Looking ahead, we can expect copyright guidelines for AI to become more specific and for detection technologies like watermarking to improve. We’ll also likely see more international cooperation to harmonize these standards.

πŸ’‘ Practical Tips for Designers

  1. Meticulously Document Your Creative Process: Save screenshots, screen recordings, and notes on your prompt development to create a paper trail proving your ‘human contribution.’
  2. Use AI as a Tool, Not a Replacement: Leverage AI for brainstorming or creating initial drafts, but always infuse the final product with your own creativity.
  3. Be Transparent: Be open with clients and the public about how you use AI tools to build trust and manage expectations.
  4. Stay Informed: Keep an eye on legal changes, court rulings, and industry guidelines in your country to minimize your legal risks.

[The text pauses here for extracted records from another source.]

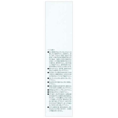 ・SPF表示(及びPA表示)は商品選択の目安です。効果的な紫外線防止のために、十分な量をムラなくのばしてお使い頂き、使用中はこまめに塗り直して下さい。また汗やタオルなどで落ちてしまった場合もこまめに塗り直して下さい。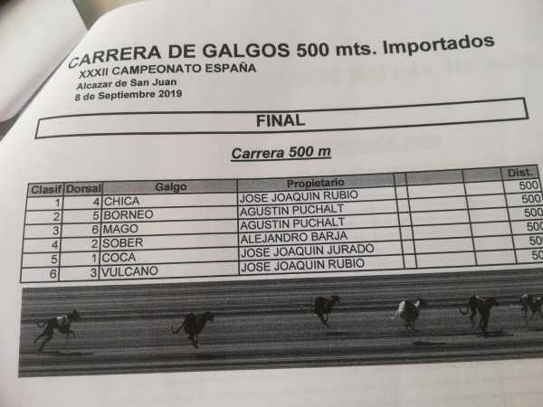 «Chica» de Jose Joaquín Rubio fue campeona, «Borneo» de Agustín Puchalt fue Subcampeón añadiendo este subcampeonato a su impresionante curriculum de victorias de campeonatos que trae de Irlanda e Inglaterra este espectacular galgo ingles. Tercero fue «Mago» también de Agustín puchalt. Cuarto fue «Sober» de Alejandro Barja . «Coca» el actual subcampeón de España también falló en la final y no pudo escalar al pódium y solo pudo ser quinto. El sexto puesto lo completó Vulcano de Jose Joaquín Rubio.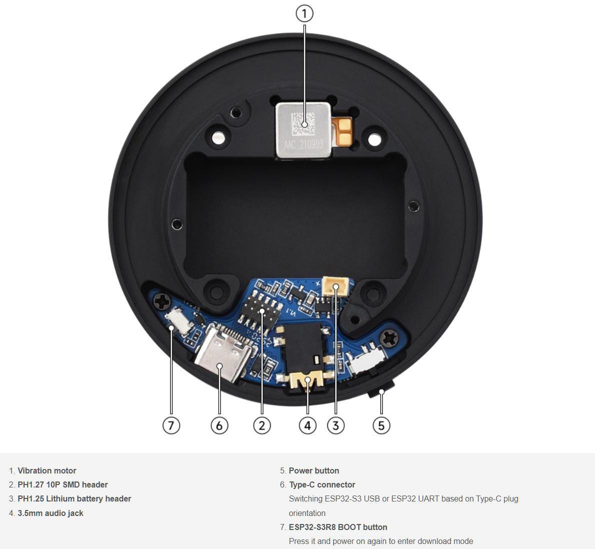 - Onboard audio decoder chip, microphone, knob encoder, vibration motor, TF card slot, and battery recharge management module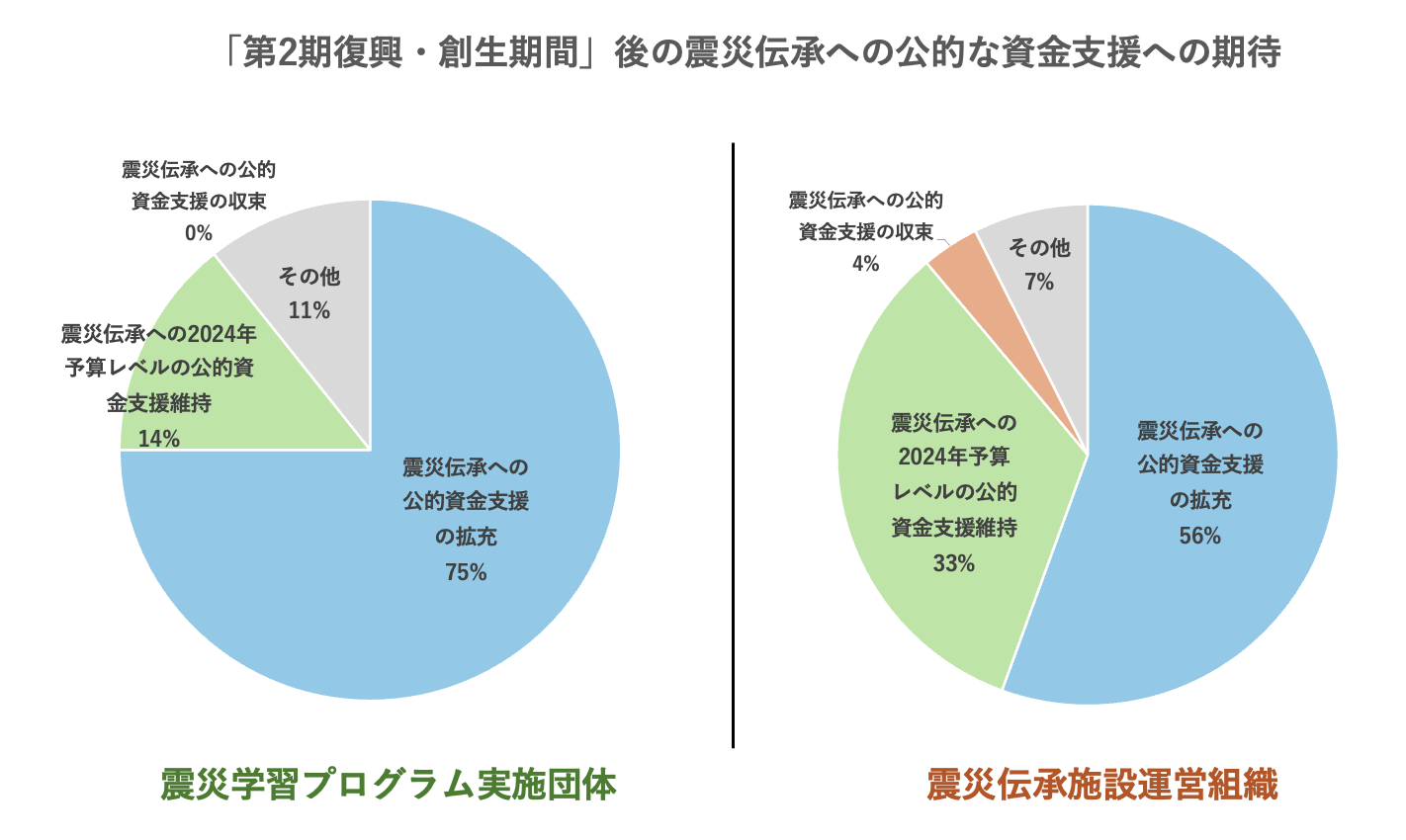 「第2期復興・創生期間後」の公的な資金支援への期待を尋ねたところ、伝承団体の76%、伝承施設の54%が「拡充」への期待を示した。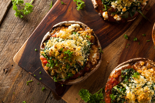 Выбирай для этого рецепта горячей закуски только очень большие шампиньоны или грибы портобелло.

Key Takeaways on AI Design Copyright

Core Principle: All legal frameworks require ‘human creative intervention.’
Key Differences: The U.S. tends to focus on whether the result has been “sufficiently modified,” Europe emphasizes the “creative choices” made in the process, while Korea places weight on the “additional work” applied to the outcome.
Best Practice:
When using AI, document your entire process from planning to final edits!
Future Tech: AI watermarking is emerging as a key technology for content transparency.
Use these tips to create smarter with AI!

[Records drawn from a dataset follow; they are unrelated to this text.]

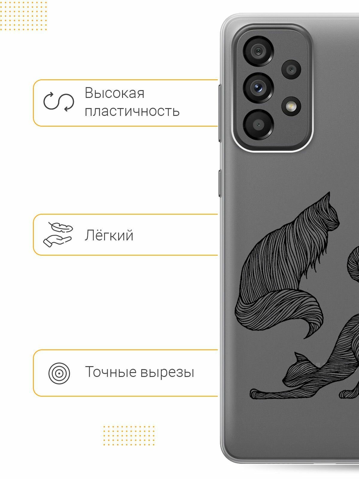 Силиконовый чехол на Samsung Galaxy A73 5G / Самсунг А73 5Г с 3D принтом "Kittens and trails" прозрачный 401 ₽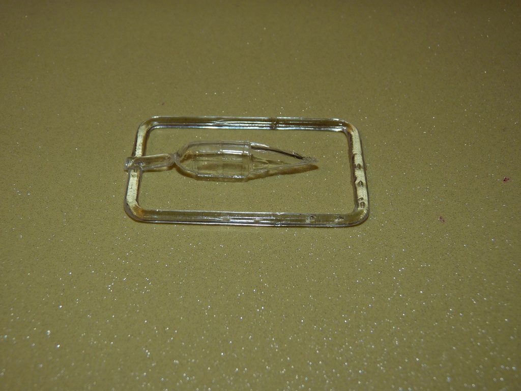 Литники изготовлены по технологии ЛНД, облой минимальный, расшивка внутренняя, местами "транйшейная", есть недолив хвоста с правой стороны, также не очень хорошо отлиты мелкие детали, много лишнего пластика, придется много шлифовать. Стыкуемость неизвестна, проверю в ходе сборки. Фонарь прозрачный, не очень толстый, но качество отливки оставляет желать лучшего.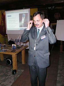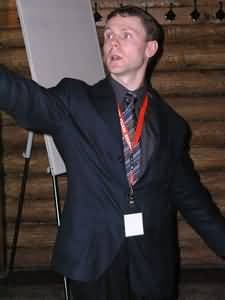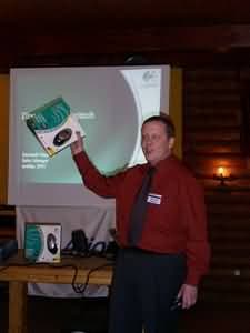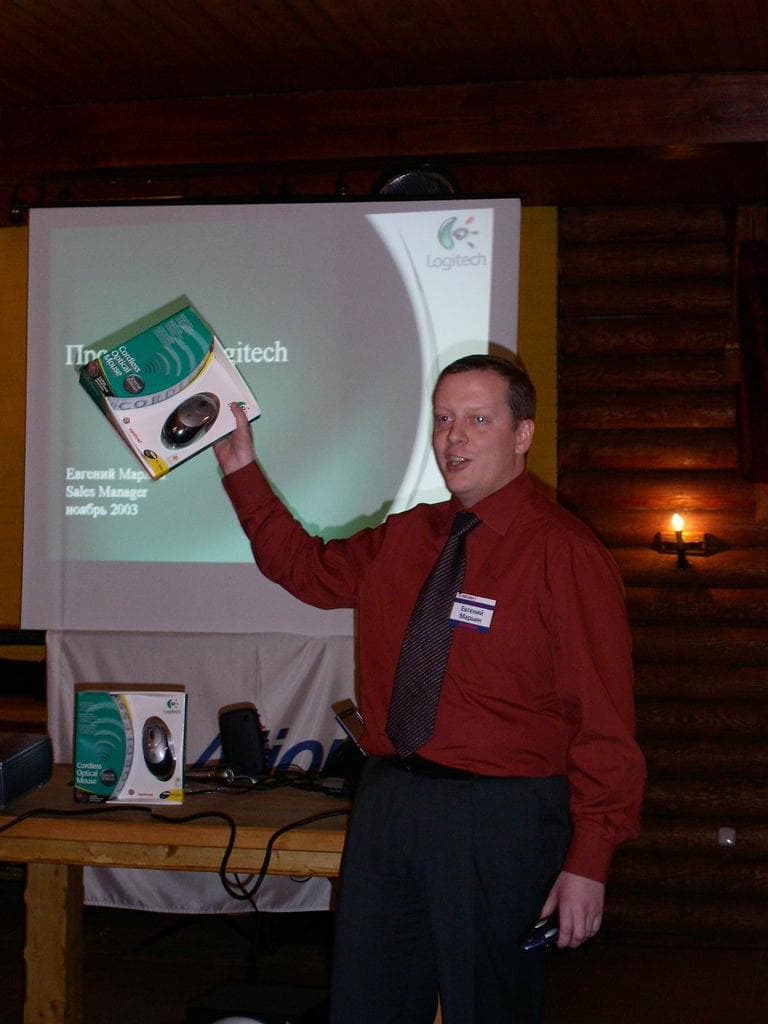 Выступление Евгения было, пожалуй, самым долгим, что и неудивительно, учитывая ассортимент продукции Logitech. Тем не менее, слушали его внимательно, в надежде на обещанные призы :-) . Интерфейс Bluetooth уверенно прокладывает дорогу к нашим компьютерным столам, судя по количеству моделей в ассортименте Logitech с поддержкой оного, включая комплект из беспроводной мыши и сверхтонкой раздельной клавиатурой (надеюсь, мне простится такое описание :-) ) diNovo Media Descktop.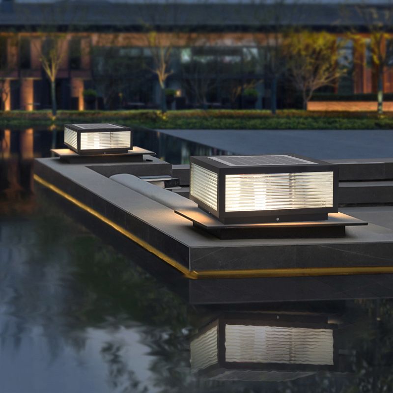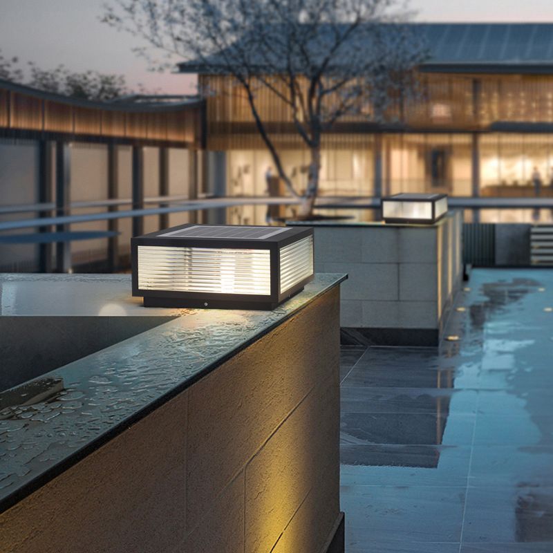 Modern LED Pillar Lighting Fixture Glass Solar Light for Garden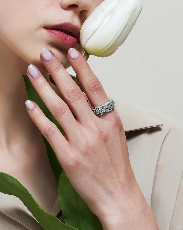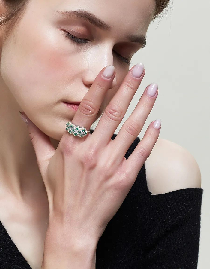 设计很独特的一枚戒指,打破常见祖母绿的优雅,带有强烈的时髦感。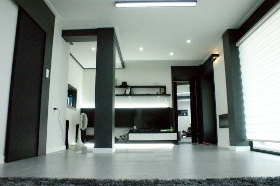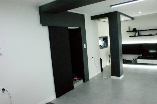 간접등을 좋아해서 좁은 방이라도 느낌나게 포인트 줄 곳곳에 간접등을 만들어넣었습니다. 마감은 신한 실크화이트벽지에 블랙래핑으로 마감했습니다.

🎬 Final Thoughts: Becoming a Wise Creator in the AI Era

AI has become a powerful partner in our creative endeavors. But it’s crucial to remember that technology is just a tool—the true author is still human.

The common thread across all countries is the emphasis on ‘human creative intervention.’ Infuse your unique ideas and sensibilities into AI-generated outputs. That’s what transforms a machine’s product into a genuinely creative work that can be protected by copyright.

AI technology will continue to evolve, and the laws governing it will become more refined. But one thing won’t change: a creator’s imagination and expression are their most valuable assets. Remember, AI isn’t here to replace your creativity—it’s here to amplify it! ✨

 

Frequently Asked Questions

Q: If I edit an AI image in the U.S., is it automatically copyrighted?
A: Not necessarily. U.S. courts look for a significant level of creative modification that adds new expression or meaning—enough to qualify as ‘transformative use.’ Simple changes like adjusting colors or cropping might not be enough.
Q: What does the ‘AOIC’ standard in Europe really mean?
A: It stands for ‘Author’s Own Intellectual Creation’ and focuses on whether the author was able to make ‘free and creative choices.’ This means the final work can’t be something automatically determined by technical constraints; it must reflect the author’s personal touch and choices to be copyrightable.
Q: How can I get an AI output recognized as a ‘compilation’ in South Korea?
A: You need to do more than just collect AI-generated outputs. There must be creativity in the ‘selection, arrangement, or composition’ of the materials. For example, if you curate specific AI images to tell a unique story and arrange them in a sequence that conveys a new meaning or feeling, you have a stronger case for a copyrightable compilation.

I hope this article was helpful for all you creators navigating the age of AI. If you have any questions, feel free to ask in the comments! 😊

※ Legal Notice ※
The information provided in this blog post is for general informational purposes only and is not a substitute for professional legal advice. Please consult a qualified attorney for advice on your specific legal issues.